• WORK INSTRUCTIONS:
Using the records that follow, reproduce exactly the lines starting at the line containing "Nasze domki są" and ending at the line containing "Scrivania da ufficio". Include both end lines and no pictures.
-- EXERCISE INPUTS follows --
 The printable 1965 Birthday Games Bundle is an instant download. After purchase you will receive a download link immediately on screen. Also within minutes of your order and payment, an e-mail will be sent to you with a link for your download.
-- EXERCISE INPUTS concluded --
-- EXERCISE INPUTS follows --
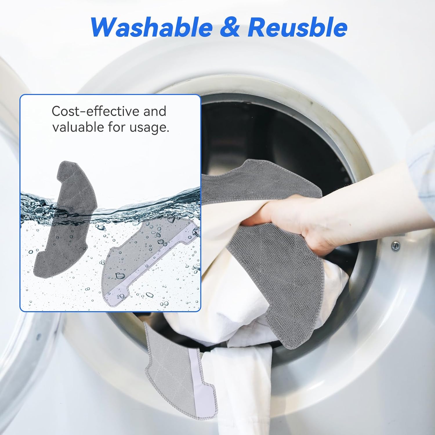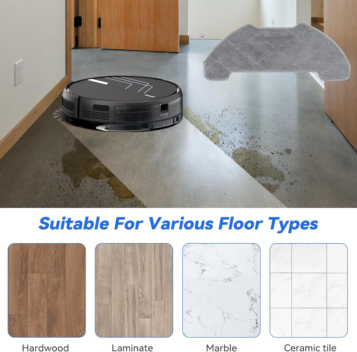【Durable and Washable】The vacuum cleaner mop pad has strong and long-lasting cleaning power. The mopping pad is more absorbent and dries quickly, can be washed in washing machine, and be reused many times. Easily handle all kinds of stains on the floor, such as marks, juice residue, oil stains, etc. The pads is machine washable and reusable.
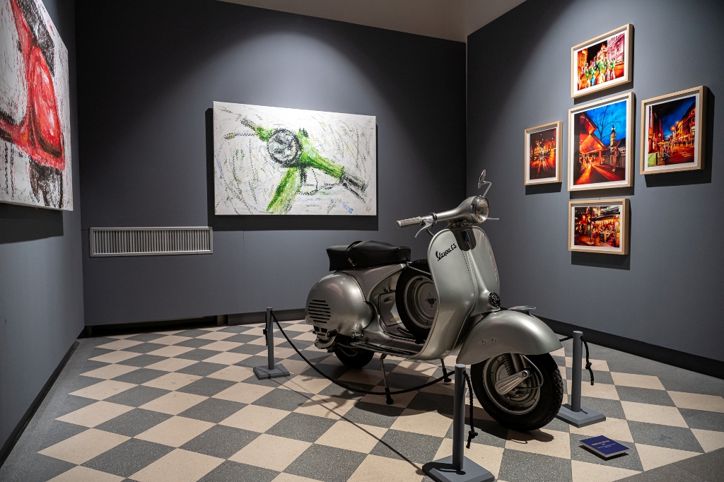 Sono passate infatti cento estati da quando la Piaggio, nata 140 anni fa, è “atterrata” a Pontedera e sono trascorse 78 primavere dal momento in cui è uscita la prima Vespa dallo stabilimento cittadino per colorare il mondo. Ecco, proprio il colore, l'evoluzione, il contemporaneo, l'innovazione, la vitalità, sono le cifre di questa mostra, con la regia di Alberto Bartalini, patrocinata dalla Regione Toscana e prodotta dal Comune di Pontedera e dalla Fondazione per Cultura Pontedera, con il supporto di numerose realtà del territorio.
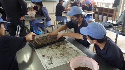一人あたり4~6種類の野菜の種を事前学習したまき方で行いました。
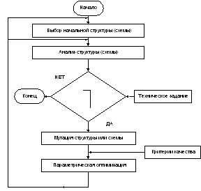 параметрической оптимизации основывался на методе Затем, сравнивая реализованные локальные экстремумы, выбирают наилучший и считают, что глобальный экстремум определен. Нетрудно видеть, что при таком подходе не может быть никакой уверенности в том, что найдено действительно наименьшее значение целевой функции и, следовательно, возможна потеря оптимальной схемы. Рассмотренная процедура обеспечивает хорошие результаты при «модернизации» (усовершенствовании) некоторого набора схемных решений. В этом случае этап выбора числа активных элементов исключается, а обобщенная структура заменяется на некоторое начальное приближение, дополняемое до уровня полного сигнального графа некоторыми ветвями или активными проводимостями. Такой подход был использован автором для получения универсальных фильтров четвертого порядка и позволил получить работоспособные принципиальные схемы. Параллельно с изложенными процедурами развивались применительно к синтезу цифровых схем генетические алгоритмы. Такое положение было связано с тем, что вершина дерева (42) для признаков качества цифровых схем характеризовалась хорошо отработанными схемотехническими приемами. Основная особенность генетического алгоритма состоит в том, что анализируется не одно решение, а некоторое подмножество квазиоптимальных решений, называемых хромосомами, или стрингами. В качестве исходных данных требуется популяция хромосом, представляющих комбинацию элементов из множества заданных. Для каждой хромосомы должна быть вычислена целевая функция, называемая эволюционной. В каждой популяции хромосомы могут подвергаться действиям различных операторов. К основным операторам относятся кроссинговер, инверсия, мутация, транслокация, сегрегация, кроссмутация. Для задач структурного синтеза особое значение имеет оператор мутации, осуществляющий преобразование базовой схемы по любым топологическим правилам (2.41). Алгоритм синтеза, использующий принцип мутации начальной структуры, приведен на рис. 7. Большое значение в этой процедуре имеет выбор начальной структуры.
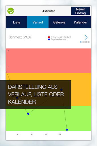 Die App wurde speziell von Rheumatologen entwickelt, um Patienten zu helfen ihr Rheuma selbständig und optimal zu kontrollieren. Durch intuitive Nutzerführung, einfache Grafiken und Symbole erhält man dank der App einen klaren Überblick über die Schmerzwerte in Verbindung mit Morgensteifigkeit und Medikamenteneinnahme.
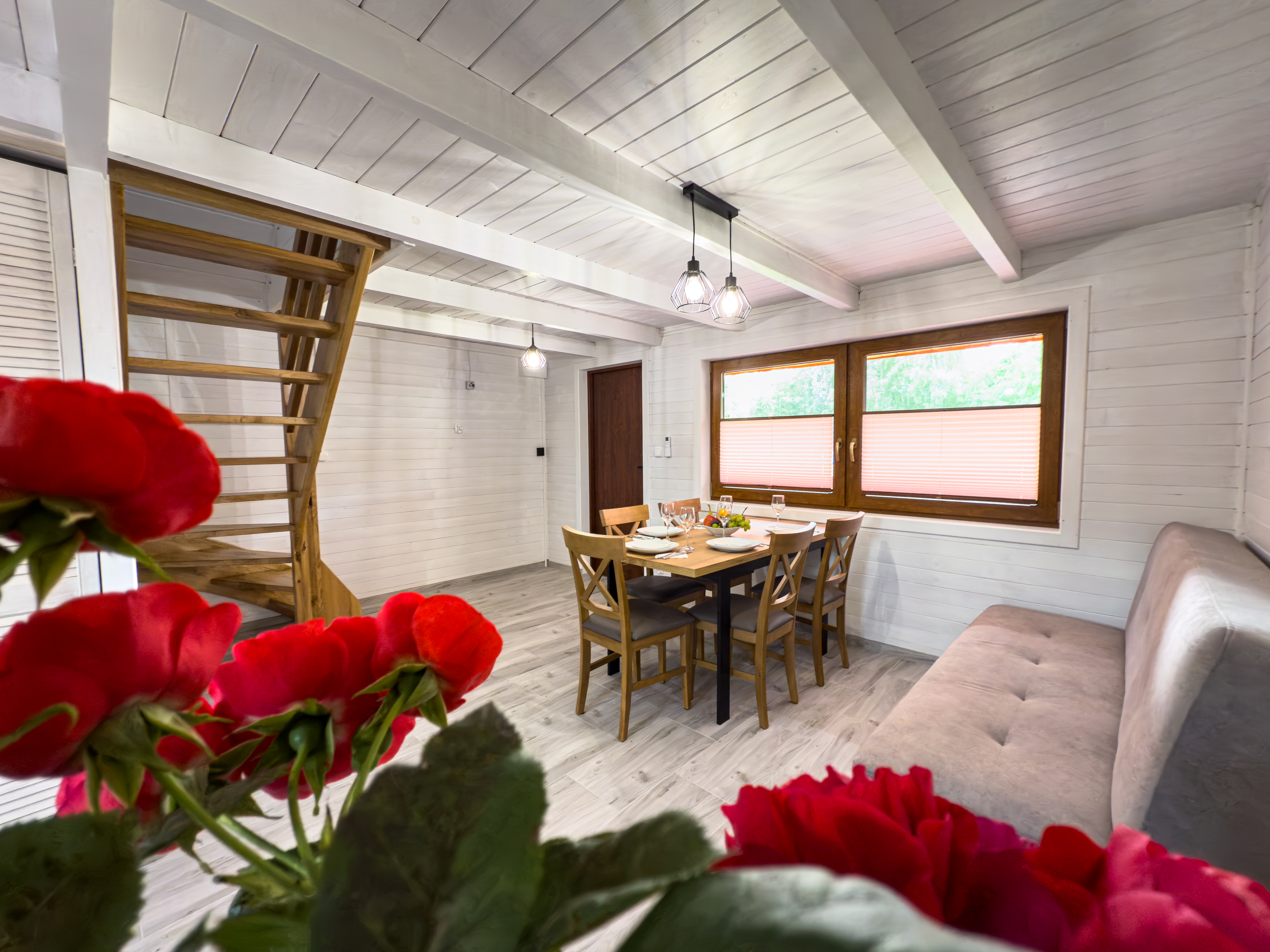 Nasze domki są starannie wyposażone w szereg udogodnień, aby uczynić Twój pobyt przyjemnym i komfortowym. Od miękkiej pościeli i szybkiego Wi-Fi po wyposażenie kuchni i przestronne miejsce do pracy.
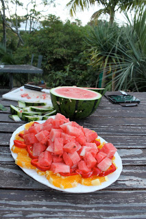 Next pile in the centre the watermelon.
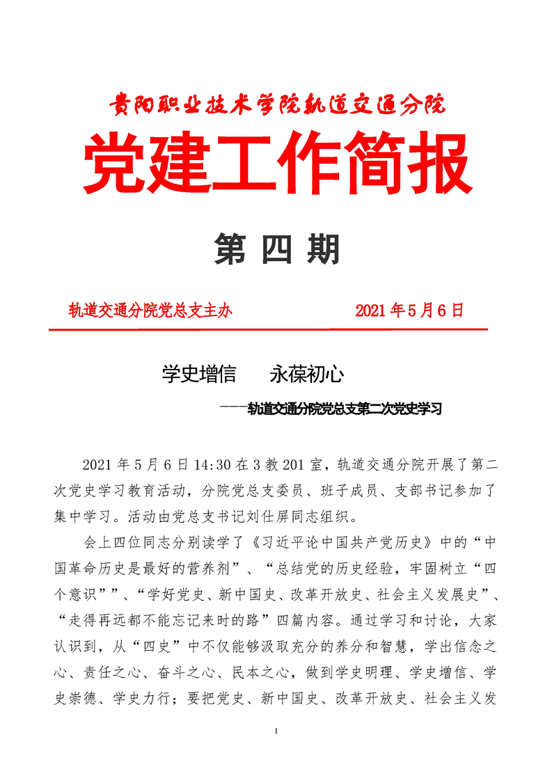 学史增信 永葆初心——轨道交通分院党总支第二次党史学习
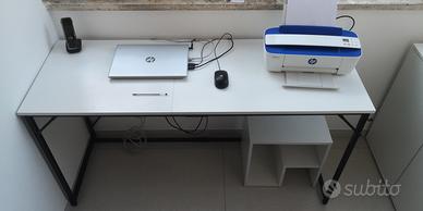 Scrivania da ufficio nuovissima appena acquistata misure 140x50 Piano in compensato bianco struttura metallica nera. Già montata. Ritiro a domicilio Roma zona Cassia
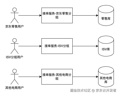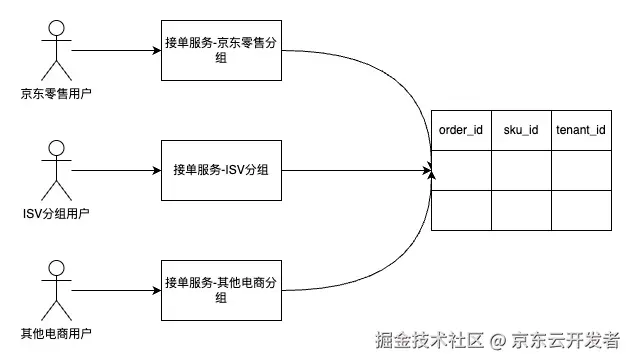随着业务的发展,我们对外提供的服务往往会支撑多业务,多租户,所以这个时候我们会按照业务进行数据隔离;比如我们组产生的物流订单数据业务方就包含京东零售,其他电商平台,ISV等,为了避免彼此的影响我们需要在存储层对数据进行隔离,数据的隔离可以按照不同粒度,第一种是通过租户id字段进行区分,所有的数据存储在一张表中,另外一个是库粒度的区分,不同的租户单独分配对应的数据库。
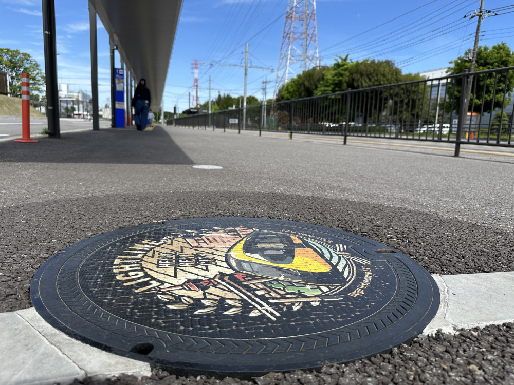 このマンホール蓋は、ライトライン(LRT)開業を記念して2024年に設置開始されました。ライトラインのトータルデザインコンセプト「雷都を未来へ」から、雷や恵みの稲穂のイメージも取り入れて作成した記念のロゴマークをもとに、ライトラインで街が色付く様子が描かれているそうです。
-- EXERCISE INPUTS concluded --
-- EXERCISE INPUTS follows --
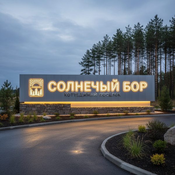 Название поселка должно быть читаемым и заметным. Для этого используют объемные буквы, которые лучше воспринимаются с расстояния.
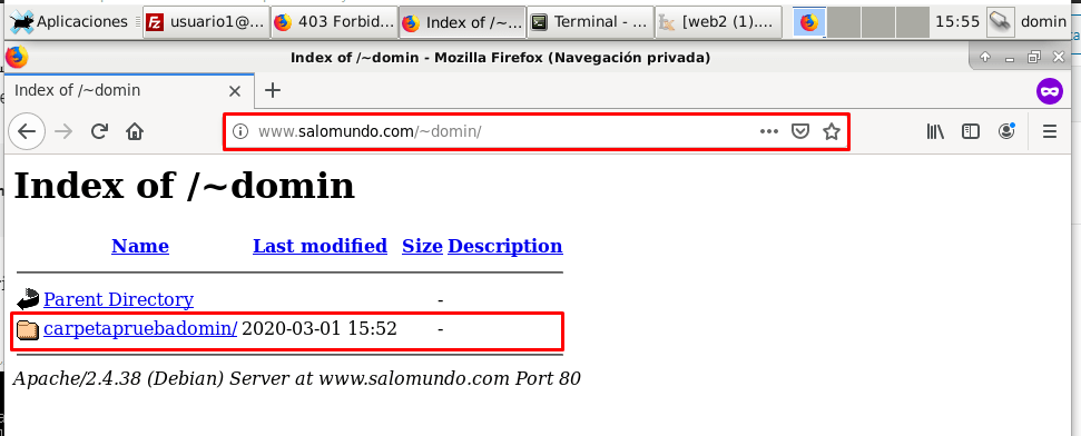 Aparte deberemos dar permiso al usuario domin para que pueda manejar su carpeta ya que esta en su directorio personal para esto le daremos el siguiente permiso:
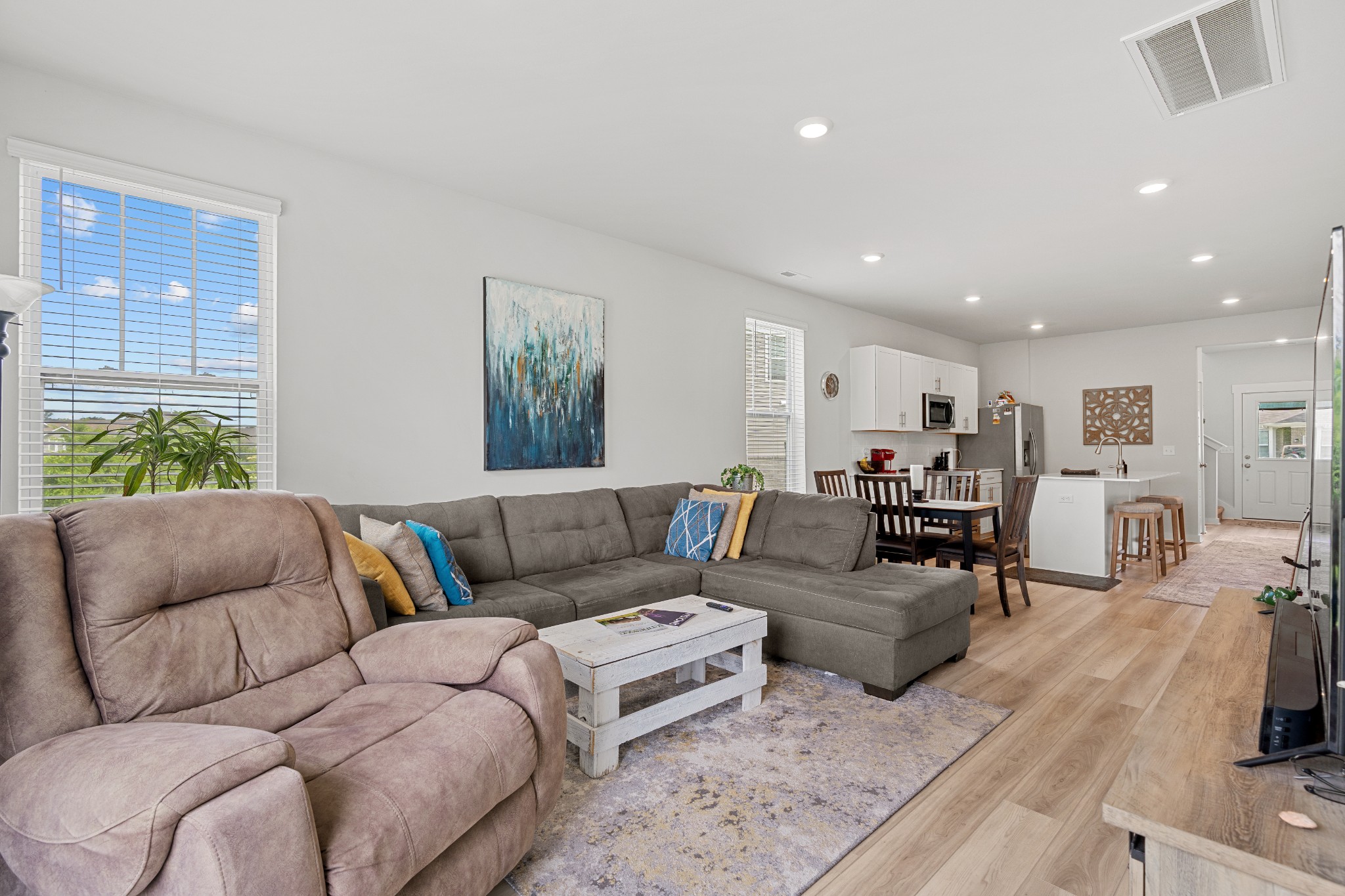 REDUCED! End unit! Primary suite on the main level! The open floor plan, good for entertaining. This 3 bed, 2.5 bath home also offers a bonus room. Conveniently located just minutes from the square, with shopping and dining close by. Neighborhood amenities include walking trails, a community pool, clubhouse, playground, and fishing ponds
-- EXERCISE INPUTS concluded --
• EXPECTED ANSWER:
 Nasze domki są starannie wyposażone w szereg udogodnień, aby uczynić Twój pobyt przyjemnym i komfortowym. Od miękkiej pościeli i szybkiego Wi-Fi po wyposażenie kuchni i przestronne miejsce do pracy.
 Next pile in the centre the watermelon.
 学史增信 永葆初心——轨道交通分院党总支第二次党史学习
 Scrivania da ufficio nuovissima appena acquistata misure 140x50 Piano in compensato bianco struttura metallica nera. Già montata. Ritiro a domicilio Roma zona Cassia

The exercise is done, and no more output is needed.